The Joneses follows a family who does just that. The thing is, though, they aren't really a family. They are four separate employees who work within their age and gender to sell things fasionable to their crowd. There's Steve (David Duchovny), who spends the majority of his time golfing to sell sporting goods, Kate (Demi Moore), who talks up beauty products to her gal pals, Mick (Ben Hollingsworth), who does his best to sell video games and other toys to high school boys, and Jenn (Amber Heard), who, well, doesn't seem to do much at all.

She does, of course, but her character is so underdeveloped that you never really get a sense that she is doing anything other than exploring her promiscuity. If she's not crawling naked in bed with her unknowing "father," she's heading off to be the mistress to a married man on his private yacht. When things go wrong for her, you simply don't care.

But that's about as far as the negatives go in The Joneses. She may be benched for the majority of the movie, but that's because it spends most of its time with the other characters who are all dealing with their own issues. Mick isn't quite the person people think he is, Kate is job obsessed and won't allow herself to fall in love despite her obvious attraction to her fake husband and Steve is in inner turmoil over the falsity of his life. He pretends to be someone else to sell products, but in the process starts to lose his real self. He starts to want nothing more than to simply settle down and be with Kate in the real world rather than living behind this false façade.

It's an interesting dynamic because they are not a family, yet they still fall apart like a real family would. They have their good times, they have their bad, and it seems like nothing will be able to save them.

Then you have the underlying themes of commercialization and consumerism that drive the meaning of the movie home. The Joneses embody the walking billboards of America. They embody every person out there who walks around with the latest Nike shoes or Gucci handbag. They embody the celebrities and athletes who wear a particular brand because they are promised money in return. They even embody the young middle school boy who shows off his brand new handheld video game system to get his friends jealous, all of whom eventually shell out the money for one of their own.

It may be a pretty outlandish concept to think that companies would pay good money for a fake family to live in a neighborhood simply to sell a handful of products to those people—that business philosophy would surely cost more than what they're taking in from it—but at the same time it gets you thinking. The Joneses neighbor is the perfect example of the American way of life in that he spends more than he can afford in order to keep up a false veil of stature amongst his peers. He, like many Americans, spends himself into debt and finds it difficult to crawl back out. The movie makes the case, in a fairly literal fashion, that our material objects are weighing us down. See the movie and you'll know exactly what I mean.

All of that is handled with style and assurance from first time writer and director Derrick Borte. His debut is a mighty one indeed and he tells this tale with a sense of authenticity, conveying drama perfectly while still interjecting some hearty laughs in the midst of things. This is a man who knows what he's doing and I expect great things from him in the future.

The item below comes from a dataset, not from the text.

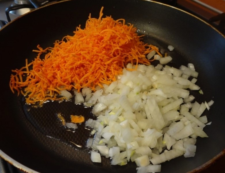 Как только лук станет полупрозрачным и чуть золотистым — самое время добавлять морковь. Огонь при этом лучше убавить: морковь твёрже, ей нужно время, но при сильном жаре лук рискует подгореть. Перемешивать — регулярно, но не агрессивно. Готова зажарка, когда морковь стала мягкой, а края овощей — с лёгким румянцем.
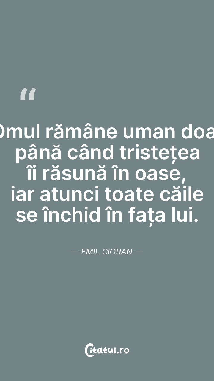 Omul rămâne uman doar până când tristețea îi răsună în oase, iar atunci toate căile se închid în fața lui. Emil Cioran

The Joneses is a film that will, sadly, go under the radar. Even I had no clue what it was before I sat down to watch it, but those who seek it out will find a sweet, funny, dramatic, meaningful and hard hitting story that will connect with everyone from the poorest of the poor to those so rich they blow their noses with 100 dollar bills. They may find different meanings, but that's the beauty of the film. There's so much here on the surface and under that many will walk out with conflicting analyses, yet none will be wrong. The Joneses is shaping up to be one of the best films of the year.